Pictures are to be left out, and only the lines below starting at the one with "permitiendo que transpire." and ending at the one with "Hány rekorddal (adatsorral)" are to be reproduced, each exactly, both ends included.

◆ **Records to process**
==*==

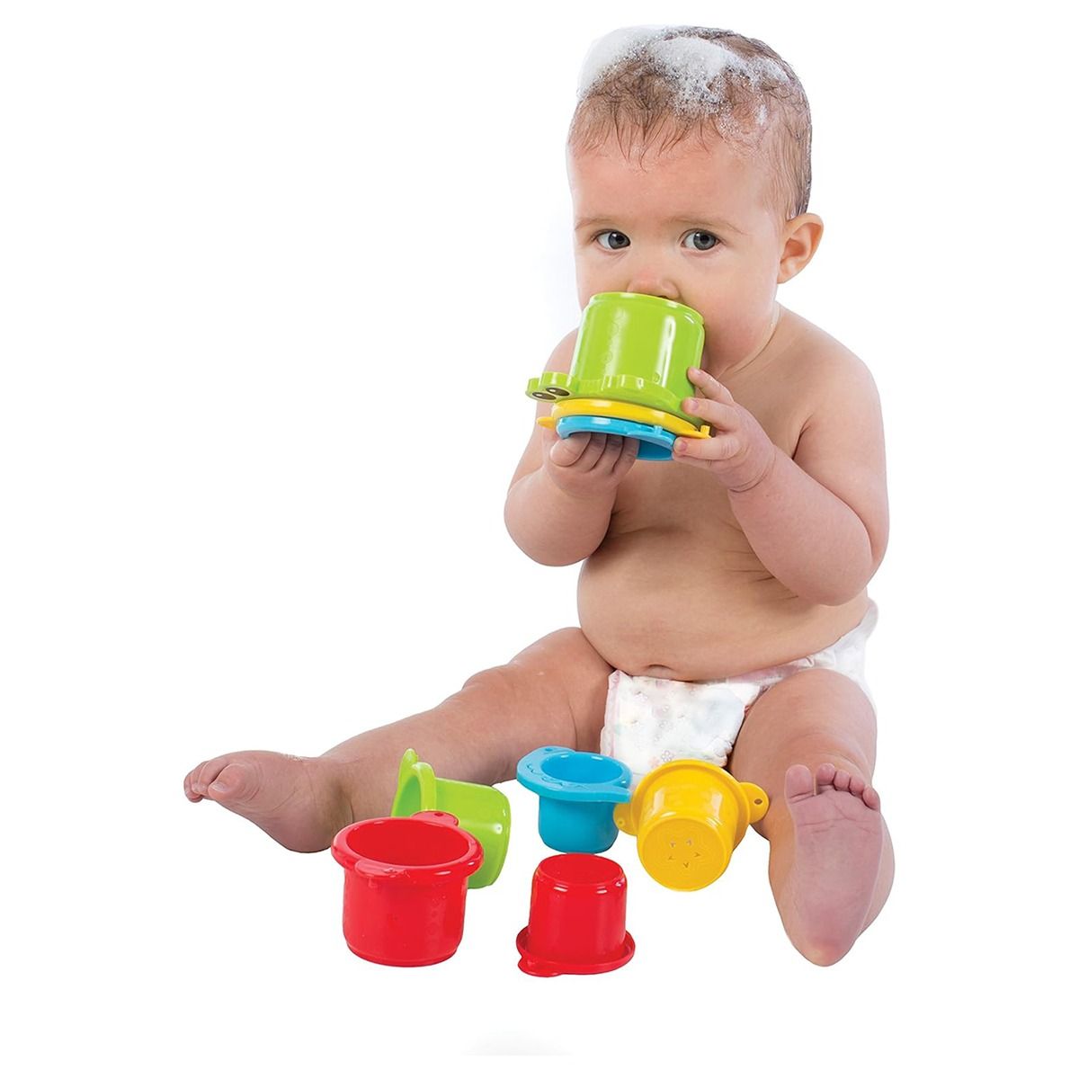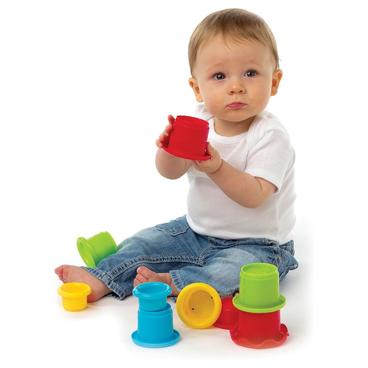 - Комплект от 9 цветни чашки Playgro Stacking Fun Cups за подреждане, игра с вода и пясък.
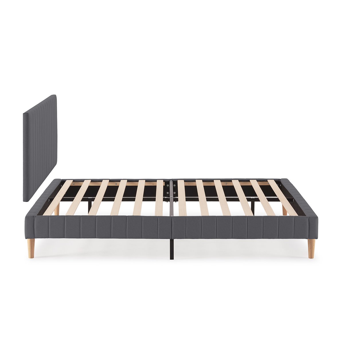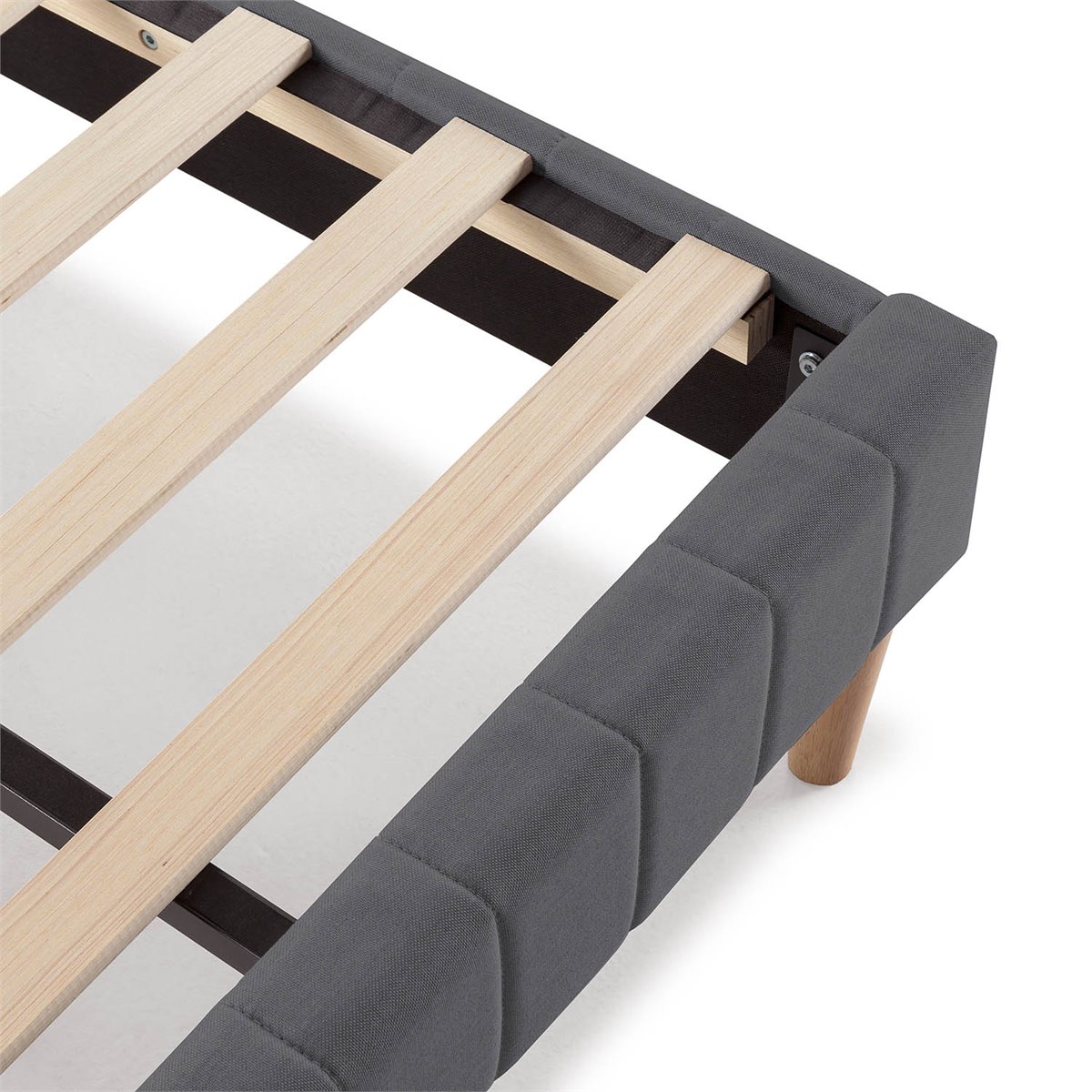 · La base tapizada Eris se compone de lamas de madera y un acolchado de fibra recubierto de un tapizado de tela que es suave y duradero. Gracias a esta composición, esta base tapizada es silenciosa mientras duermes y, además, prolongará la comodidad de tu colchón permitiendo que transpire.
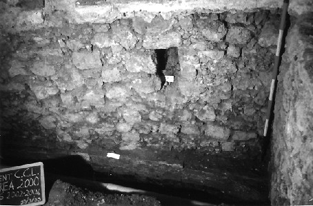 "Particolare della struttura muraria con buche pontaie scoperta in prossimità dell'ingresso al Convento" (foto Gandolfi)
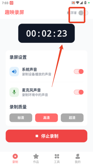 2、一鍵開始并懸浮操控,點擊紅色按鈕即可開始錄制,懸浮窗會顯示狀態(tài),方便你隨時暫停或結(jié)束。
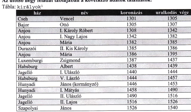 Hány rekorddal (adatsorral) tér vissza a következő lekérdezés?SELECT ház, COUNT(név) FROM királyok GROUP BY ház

==*==

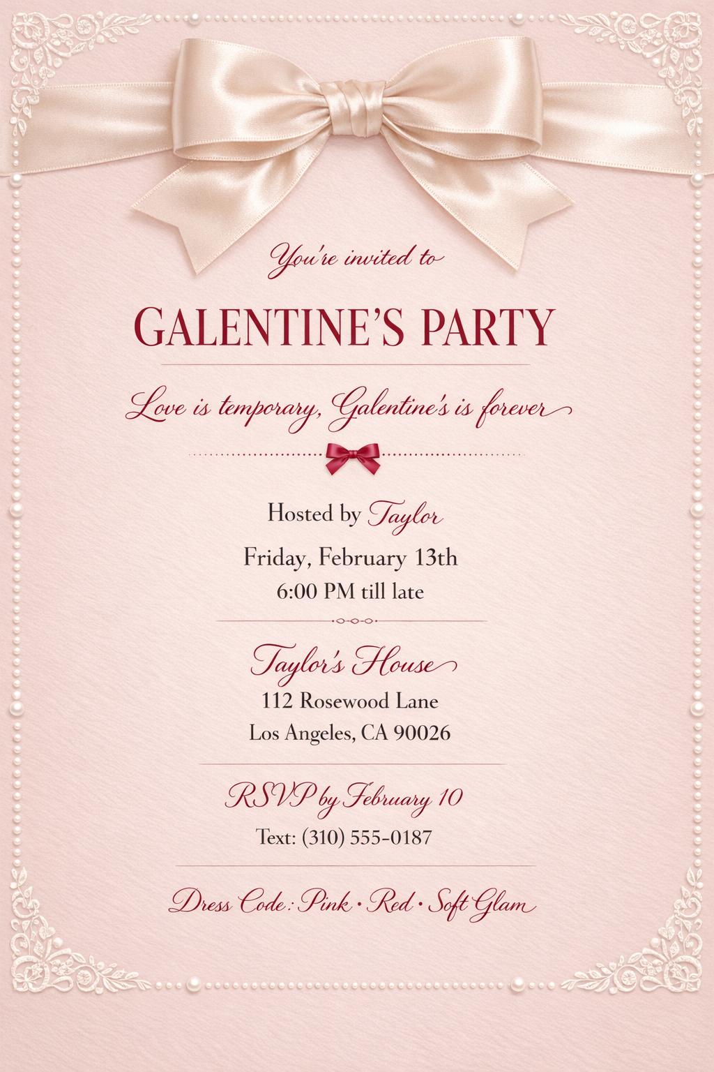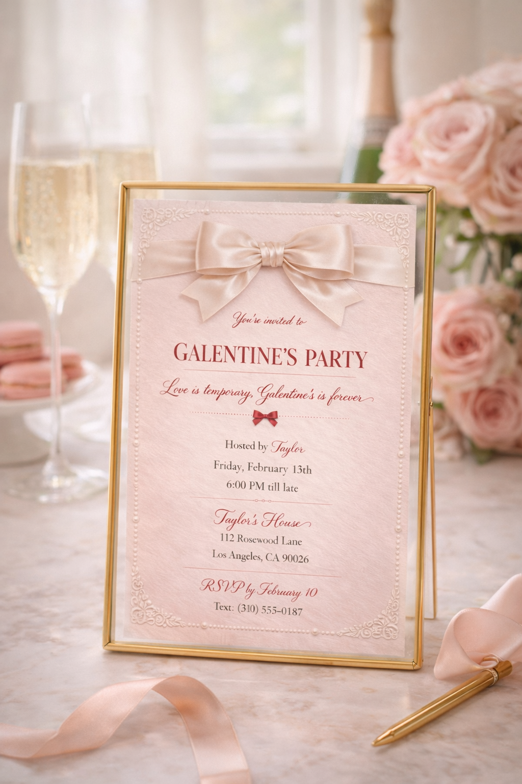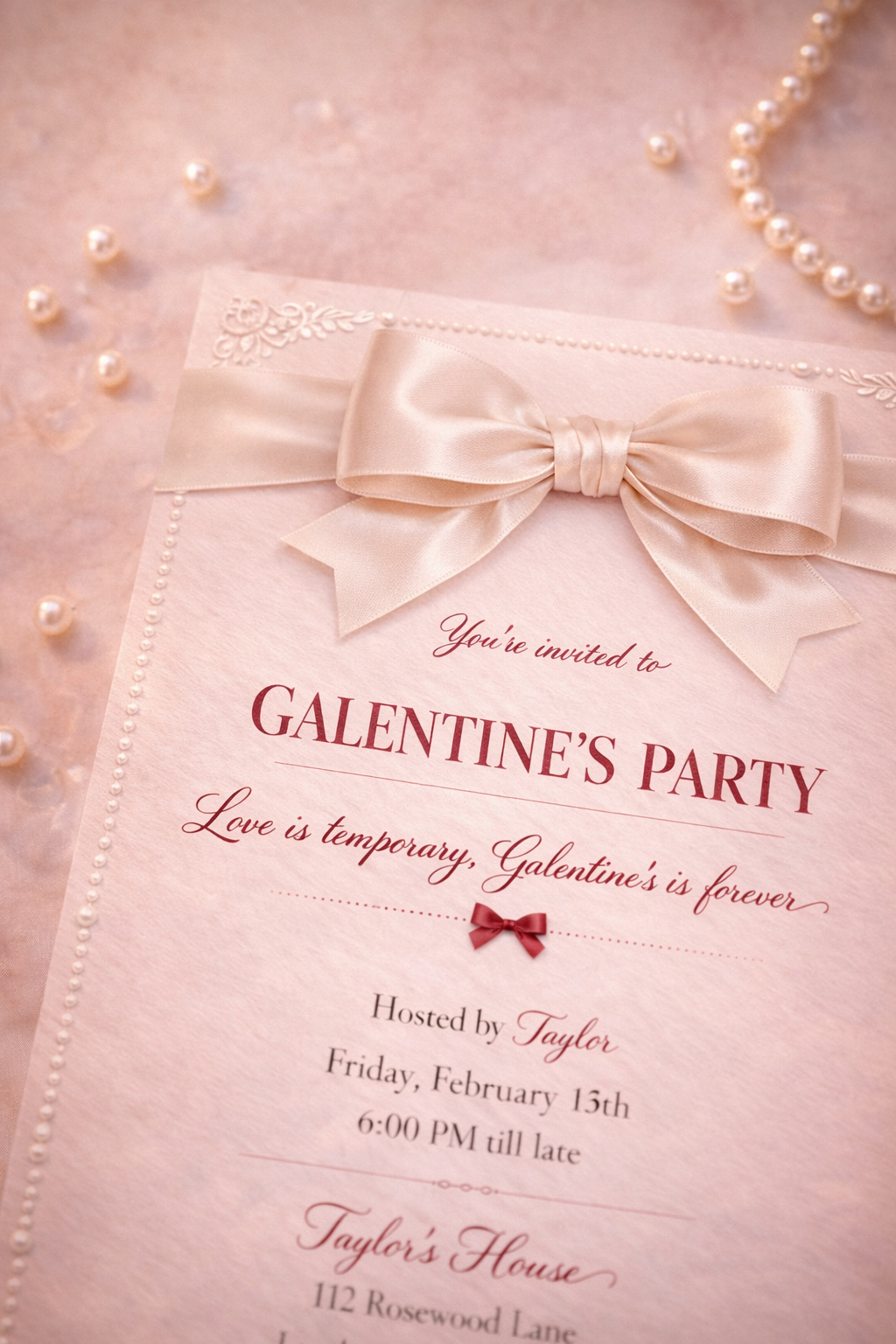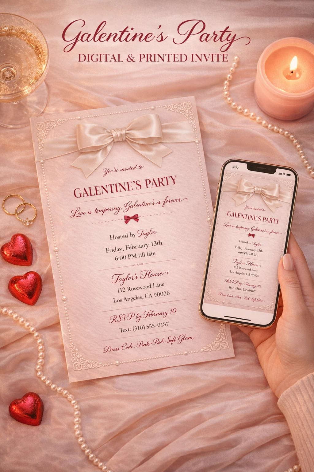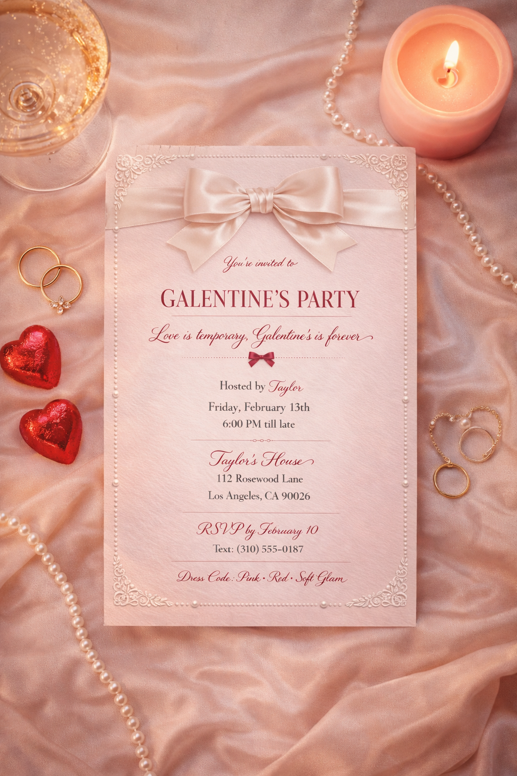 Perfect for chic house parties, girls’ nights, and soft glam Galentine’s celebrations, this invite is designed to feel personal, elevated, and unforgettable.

==*==

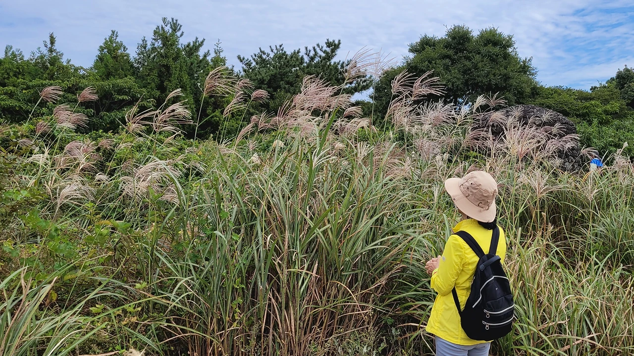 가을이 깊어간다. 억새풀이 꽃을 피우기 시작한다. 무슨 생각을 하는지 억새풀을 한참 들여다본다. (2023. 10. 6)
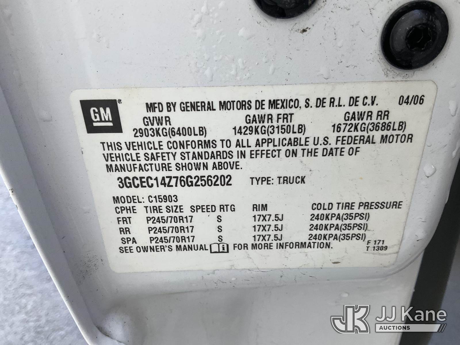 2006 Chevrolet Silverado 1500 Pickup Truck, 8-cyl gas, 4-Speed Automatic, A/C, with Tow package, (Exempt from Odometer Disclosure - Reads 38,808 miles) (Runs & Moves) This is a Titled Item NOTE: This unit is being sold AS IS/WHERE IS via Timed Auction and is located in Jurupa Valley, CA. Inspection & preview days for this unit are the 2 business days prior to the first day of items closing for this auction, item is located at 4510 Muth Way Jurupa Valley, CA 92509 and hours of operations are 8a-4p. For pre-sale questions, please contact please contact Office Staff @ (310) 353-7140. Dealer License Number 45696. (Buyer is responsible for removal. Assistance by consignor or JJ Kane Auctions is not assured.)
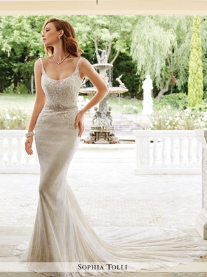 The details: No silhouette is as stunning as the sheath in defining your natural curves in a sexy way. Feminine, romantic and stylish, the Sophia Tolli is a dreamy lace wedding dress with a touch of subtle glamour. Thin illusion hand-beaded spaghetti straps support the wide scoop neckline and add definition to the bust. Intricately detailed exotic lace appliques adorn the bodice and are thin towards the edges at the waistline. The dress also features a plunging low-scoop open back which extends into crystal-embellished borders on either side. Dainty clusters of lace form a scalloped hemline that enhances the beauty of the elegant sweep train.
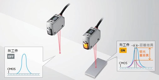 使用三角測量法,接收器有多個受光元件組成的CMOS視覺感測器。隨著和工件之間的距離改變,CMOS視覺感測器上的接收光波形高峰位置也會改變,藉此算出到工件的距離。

==*==

◆ **Output below**
 · La base tapizada Eris se compone de lamas de madera y un acolchado de fibra recubierto de un tapizado de tela que es suave y duradero. Gracias a esta composición, esta base tapizada es silenciosa mientras duermes y, además, prolongará la comodidad de tu colchón permitiendo que transpire.
 "Particolare della struttura muraria con buche pontaie scoperta in prossimità dell'ingresso al Convento" (foto Gandolfi)
 2、一鍵開始并懸浮操控,點擊紅色按鈕即可開始錄制,懸浮窗會顯示狀態(tài),方便你隨時暫停或結(jié)束。
 Hány rekorddal (adatsorral) tér vissza a következő lekérdezés?SELECT ház, COUNT(név) FROM királyok GROUP BY ház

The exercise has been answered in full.